Fruit Samples. Pomegranate (California) and grapefruit (white) (Citrus paradise) (Florida) were obtained from local commercial sources. The fruit samples were stored at 4°C until use. Pomegranate juice was obtained by squeezing the edible portion of the fruit. All samples were tested soon after they were squeezed and filtered.

Assay of Carbamazepine 10,11-Epoxidation Activity of Human CYP3A. Assay of the carbamazepine 10,11-epoxidation activity of human CYP3A was performed according to the method of Nakamura et al. (2002), with minor modifications. Briefly, a typical incubation mixture consisted of 100 mM sodium potassium phosphate buffer (pH 7.4), 50 µM EDTA disodium salt, an NADPH-generating system (0.5 mM NADP⁺, 5 mM MgCl₂, 5 mM glucose 6-phosphate, and 1 unit/ml glucose-6-phosphate dehydrogenase), and a microsomal fraction of human liver in a final volume of 0.5 ml. The carbamazepine concentration was 100 µM. The protein concentration and reaction time were predetermined based on the linearity between the microsomal protein concentration (up to 0.2 mg/ml) and reaction time (up to 60 min) versus metabolite formation rate. Based on the results obtained, the protein concentration and the reaction time were determined to be 0.2 mg/ml and 60 min, respectively. Reactions were initiated by the addition of carbamazepine and stopped by the addition of 5 ml of ethyl acetate. Clonazepam (0.5 nM) was added as an internal standard. Following centrifugation (3000 rpm, 10 min), the organic phase was evaporated at 40°C. The residue was dissolved in 100 µl of HPLC mobile phase, and 20 µl of the resultant mixture was injected into an HPLC apparatus. The mobile phase consisted of 50 mM acetate buffer (pH 6.4) and acetonitrile (5.5:4.5 v/v).
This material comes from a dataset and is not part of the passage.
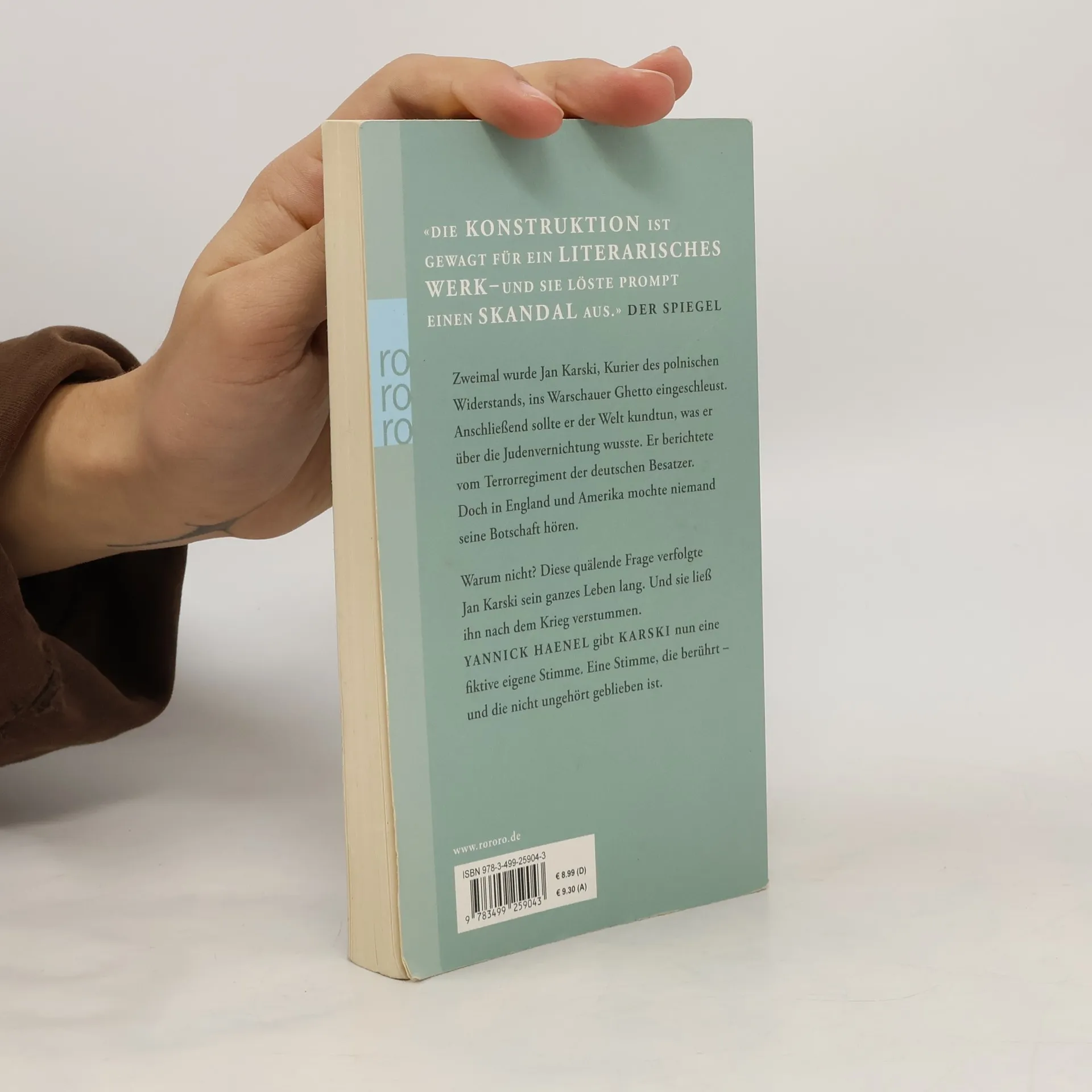 «Die Konstruktion ist gewagt für ein literarisches Werk – und sie löste prompt einen Skandal aus.» Der Spiegel Zweimal wurde Jan Karski, Kurier des polnischen Widerstands, ins Warschauer Ghetto eingeschleust. Anschließend sollte er der Welt kundtun, was er über die Judenvernichtung wusste. Er berichtete vom Terrorregiment der deutschen Besatzer. Doch in England und Amerika mochte niemand seine Botschaft hören. Warum nicht? Diese quälende Frage verfolgte Jan Karski sein ganzes Leben lang. Und sie ließ ihn nach dem Krieg verstummen. Yannick Haenel gibt Karski nun eine fiktive eigene Stimme. Eine Stimme, die berührt – und die nicht ungehört geblieben ist.

HPLC Conditions. The HPLC system consisted of an LC-10ADvp pump (Shimadzu, Kyoto, Japan), a Shimadzu L-4200 UV absorbance detector, a Shimadzu SIL-10ADvp auto injector, and a Shimadzu SCL-10Avp system controller. The system was equipped with a Cadenza CD-C18 column (3 µm, 4.6 x 250 mm; Intact, Kyoto, Japan) preceded by a precolumn (5 µm, 2 x 5 mm). The mobile phase was delivered at a flow rate of 0.7 ml/min at 40°C. Quantification was performed by determining the HPLC peak areas monitored at 245 nm and comparing the peak area of the internal standard with those of the chemicals. Under these conditions, the retention times of carbamazepine 10,11-epoxide, carbamazepine, and the internal standard were 6.2, 8.7, and 11.3 min, respectively.

Inhibitory Effects of Pomegranate on CYP3A Activity. The inhibitory effects of pomegranate on CYP3A activity were evaluated by the method of Guo et al. (2000) with minor modifications. Briefly, an appropriate amount of fruit juice was dried in a concentrator. The reaction mixture described above (prior to the addition of carbamazepine) was added, and the fruit juice sample was resuspended using a vortex mixer at full power for 2 s. The substrate, carbamazepine, was added after preincubation of the mixture at 37°C for 5 min. The reaction was performed as described above. The inhibitory effects of pomegranate juice or grapefruit juice on carbamazepine 10,11-epoxidation were expressed as a percentage of the residual activity in comparison with the control in the absence of fruit juice. Each assay was performed in duplicate.

Effects of Preincubation of Pomegranate Juice on Human CYP3A Activity. As an index of mechanism-based inhibition, pomegranate juice was preincubated at 37°C for 0, 5, 10, 15, or 30 min in the reaction mixture, according to the method described above.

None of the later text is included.